Non-GAAP Financial Measures
This press release includes expected performance based on adjusted earnings per share from continuing operations, a non-GAAP financial measure as defined under SEC rules. Adjusted earnings per share from continuing operations exclude certain costs, net of tax, related to restructuring, goodwill and other asset impairment charges. Management believes that the foregoing non-GAAP financial measure provides a meaningful presentation of the Company's results from its core business operations excluding items that are not related to the Company's ongoing core business operations and improves the period-to-period comparability of the Company's results from its core business operations. This non-GAAP financial measure should be considered in addition to, but not as a substitute for earnings per share from continuing operations, the most directly comparable US GAAP measure.

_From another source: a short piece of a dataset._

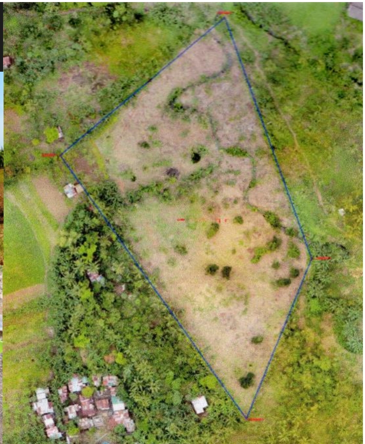
The official boundaries of Green Village!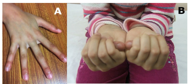
Figure 2. A) Arachnodactyly and B) Thumb sign of the proposita

About Schnitzer Steel Industries, Inc.
Schnitzer Steel Industries, Inc. is one of the largest manufacturers and exporters of recycled metal products in the United States with operating facilities located in 24 states, Puerto Rico and Western Canada. Schnitzer has seven deep water export facilities located on both the East and West Coasts and in Hawaii and Puerto Rico. The Company's integrated operating platform also includes auto parts stores and steel manufacturing. With an effective annual production capacity of approximately 800,000 tons, the Company's steel manufacturing business produces finished steel products, including rebar, wire rod and other specialty products. The Company began operations in 1906 in Portland, Oregon.